The listing below should be reproduced precisely, except for its images.

Data for analysis Start Marker

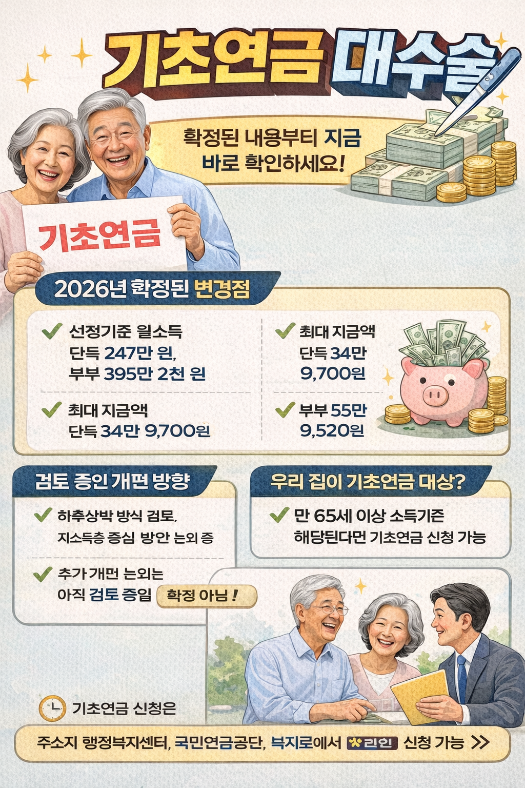 요즘 말하는 기초연금 대수술은 이미 하나의 확정 개편안이 끝났다는 뜻이라기보다, 2026년에 실제로 바뀐 내용과 앞으로 검토 중인 추가 개편 논의가 함께 섞여 나온 표현에 가깝습니다. 현재 확정된 사실부터 보면, 2026년 기초연금 선정기준액은 단독가구 월 247만 원, 부부가구 월 395만 2천 원으로 올라갔고, 기준연금액도 전년도 소비자물가상승률 2.1%를 반영해 단독가구 기준 최대 월 34만 9,700원, 부부 2인 가구 기준 최대 월 55만 9,520원까지 지급되는 구조입니다. 즉 지금 당장 가장 중요한 변화는 이미 수급 문턱과 월 지급액이 올라가 있다는 점입니다. 정부가 이런 조정을 한 이유도 분명합니다. 보건복지부는 2026년 선정기준액 발표에서 노인 가구의 소득과 재산 수준이 높아지고 있어 제도의 지속가능성과 노후소득보장을 함께 고려한 제도 개선 논의가 필요하다고 설명했습니다. 쉽게 말하면 예전 방식대로 계속 운영하면 수급 범위와 재정 구조를 다시 손봐야 할 시점이 왔다는 의미입니다. 그래서 최근 기사나 방송에서 기초연금 대수술이라는 표현이 많이 보이지만, 지금 단계에서는 이미 확정된 부분과 앞으로 논의될 부분을 구분해서 보는 것이 가장 중요합니다. 또 하나 꼭 알아둘 점은 기초연금은 만 65세 이상이면서 소득인정액이 선정기준액 이하인 어르신이 대상이라는 기본 틀은 그대로 유지되고 있다는 것입니다. 2026년 기준으로는 단독가구 247만 원 이하, 부부가구 395만 2천 원 이하가 기준이고, 공무원연금이나 사학연금 같은 직역연금 수급권자와 그 배우자는 일부 제외될 수 있습니다. 그래서 대수술이라는 표현만 보고 제도가 완전히 뒤집혔다고 생각하기보다, 현재는 기본 틀은 유지하면서 수급기준과 급여, 그리고 추가 개편 방향이 조정되는 과정이라고 이해하는 편이 맞습니다.
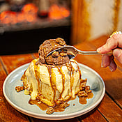 Stay at home & snuggle with a big hot Cinnie Brioche Bun, all meltin & warm & nummy. Topped with cream cheese icing & then your favourite meltin scoop. Add drizzlin gooey caramel sauciness & sprinkles of candied walnuts. X Nom! Nom!
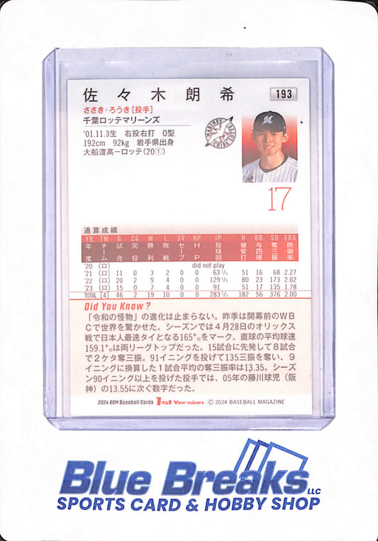 2024 BBM Baseball Cards 1st Version - Roki Sasaki - Baseball - Chiba Lotte Marines - Japanese - #193
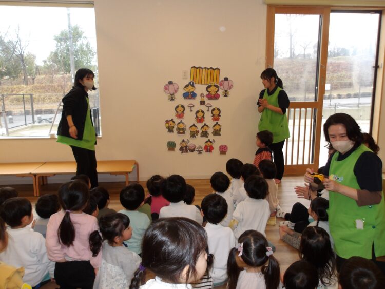 『うれしいひなまつり』の歌に合わせてパネルシアターを楽しみました。
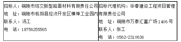 2.招標人:銅陵市綜交新型路面材料有限責任公司
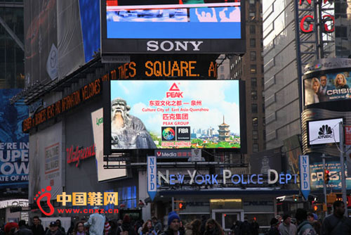 【中国鞋网-品牌观察】美国时间2月14日,一组极具文化色彩的宣传片登陆纽约时代广场,方块字“文化之都——泉州”映入游客眼帘,泉州地标“老君岩”、“东西塔”不断闪现在“世界十字路口”,马可-波罗口中的“世界第一大港”——泉州再次走进国际视野。城市与品牌共同推广亮相,这一新颖创意的幕后推手董事长许景南表示:“企业与城市、与国家的发展密不可分,匹克品牌作为泉州文化的一部分,匹克文化已经与泉州文化融为一体。向世界传递企业、城市的共同的中国梦,是匹克义不容辞的责任。”

Data for analysis End Marker

**Finished exercise**
 요즘 말하는 기초연금 대수술은 이미 하나의 확정 개편안이 끝났다는 뜻이라기보다, 2026년에 실제로 바뀐 내용과 앞으로 검토 중인 추가 개편 논의가 함께 섞여 나온 표현에 가깝습니다. 현재 확정된 사실부터 보면, 2026년 기초연금 선정기준액은 단독가구 월 247만 원, 부부가구 월 395만 2천 원으로 올라갔고, 기준연금액도 전년도 소비자물가상승률 2.1%를 반영해 단독가구 기준 최대 월 34만 9,700원, 부부 2인 가구 기준 최대 월 55만 9,520원까지 지급되는 구조입니다. 즉 지금 당장 가장 중요한 변화는 이미 수급 문턱과 월 지급액이 올라가 있다는 점입니다. 정부가 이런 조정을 한 이유도 분명합니다. 보건복지부는 2026년 선정기준액 발표에서 노인 가구의 소득과 재산 수준이 높아지고 있어 제도의 지속가능성과 노후소득보장을 함께 고려한 제도 개선 논의가 필요하다고 설명했습니다. 쉽게 말하면 예전 방식대로 계속 운영하면 수급 범위와 재정 구조를 다시 손봐야 할 시점이 왔다는 의미입니다. 그래서 최근 기사나 방송에서 기초연금 대수술이라는 표현이 많이 보이지만, 지금 단계에서는 이미 확정된 부분과 앞으로 논의될 부분을 구분해서 보는 것이 가장 중요합니다. 또 하나 꼭 알아둘 점은 기초연금은 만 65세 이상이면서 소득인정액이 선정기준액 이하인 어르신이 대상이라는 기본 틀은 그대로 유지되고 있다는 것입니다. 2026년 기준으로는 단독가구 247만 원 이하, 부부가구 395만 2천 원 이하가 기준이고, 공무원연금이나 사학연금 같은 직역연금 수급권자와 그 배우자는 일부 제외될 수 있습니다. 그래서 대수술이라는 표현만 보고 제도가 완전히 뒤집혔다고 생각하기보다, 현재는 기본 틀은 유지하면서 수급기준과 급여, 그리고 추가 개편 방향이 조정되는 과정이라고 이해하는 편이 맞습니다.
 Stay at home & snuggle with a big hot Cinnie Brioche Bun, all meltin & warm & nummy. Topped with cream cheese icing & then your favourite meltin scoop. Add drizzlin gooey caramel sauciness & sprinkles of candied walnuts. X Nom! Nom!
 2024 BBM Baseball Cards 1st Version - Roki Sasaki - Baseball - Chiba Lotte Marines - Japanese - #193
 『うれしいひなまつり』の歌に合わせてパネルシアターを楽しみました。
 2.招標人:銅陵市綜交新型路面材料有限責任公司
 【中国鞋网-品牌观察】美国时间2月14日,一组极具文化色彩的宣传片登陆纽约时代广场,方块字“文化之都——泉州”映入游客眼帘,泉州地标“老君岩”、“东西塔”不断闪现在“世界十字路口”,马可-波罗口中的“世界第一大港”——泉州再次走进国际视野。城市与品牌共同推广亮相,这一新颖创意的幕后推手董事长许景南表示:“企业与城市、与国家的发展密不可分,匹克品牌作为泉州文化的一部分,匹克文化已经与泉州文化融为一体。向世界传递企业、城市的共同的中国梦,是匹克义不容辞的责任。”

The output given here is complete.